- The task
Output every line of the material exactly, omitting images.

Top of Given material

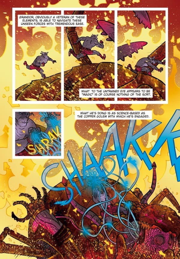 Opening this comic, I was greeted with one of the most metal things to meet my eyes in all of sequential art: A minotaur skydiving into a volcano. There were so many questions that needed to be answered, so much inquisition, I absolutely needed to continue after being utterly gobsmacked by such an opener. What I got was him landing on a robot spider, powered by arcane vacuum tubes…This is the reason I read comic books.
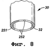 В варианте на фиг.8 нижняя поверхность 32 нижнего конца цангового патрона 30 сконструирована неоднородной, чтобы предотвратить образование уплотнения шаром, который расположен ниже цангового патрона 30 (и не растворился или не разрушился достаточно для прохождения через него), блокирующего связь по текучей среде. Таким образом, поверхность 32 может иметь одну или более неоднородностей, типа выемки 252, которые позволяют поверхности 32 не становиться эффективным седлом клапана. В поверхность 32 можно вводить другие типы неоднородностей, такие как выпуклые участки, в общем шероховатые поверхности и т.д., в зависимости от конкретного варианта осуществления изобретения.
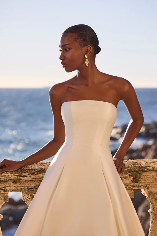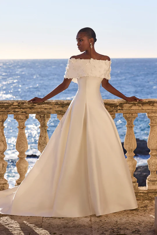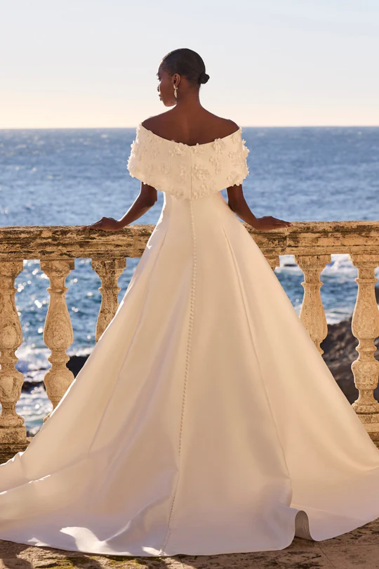 A timeless and elegant strapless mikado wedding gown, showcasing a breathtaking 3D floral wrap. This exquisite dress is finished with neatly arranged bridal buttons. Dress and Wrap with 3D Flowers

Bottom of Given material

- Written solution
 Opening this comic, I was greeted with one of the most metal things to meet my eyes in all of sequential art: A minotaur skydiving into a volcano. There were so many questions that needed to be answered, so much inquisition, I absolutely needed to continue after being utterly gobsmacked by such an opener. What I got was him landing on a robot spider, powered by arcane vacuum tubes…This is the reason I read comic books.
 В варианте на фиг.8 нижняя поверхность 32 нижнего конца цангового патрона 30 сконструирована неоднородной, чтобы предотвратить образование уплотнения шаром, который расположен ниже цангового патрона 30 (и не растворился или не разрушился достаточно для прохождения через него), блокирующего связь по текучей среде. Таким образом, поверхность 32 может иметь одну или более неоднородностей, типа выемки 252, которые позволяют поверхности 32 не становиться эффективным седлом клапана. В поверхность 32 можно вводить другие типы неоднородностей, такие как выпуклые участки, в общем шероховатые поверхности и т.д., в зависимости от конкретного варианта осуществления изобретения.
 A timeless and elegant strapless mikado wedding gown, showcasing a breathtaking 3D floral wrap. This exquisite dress is finished with neatly arranged bridal buttons. Dress and Wrap with 3D Flowers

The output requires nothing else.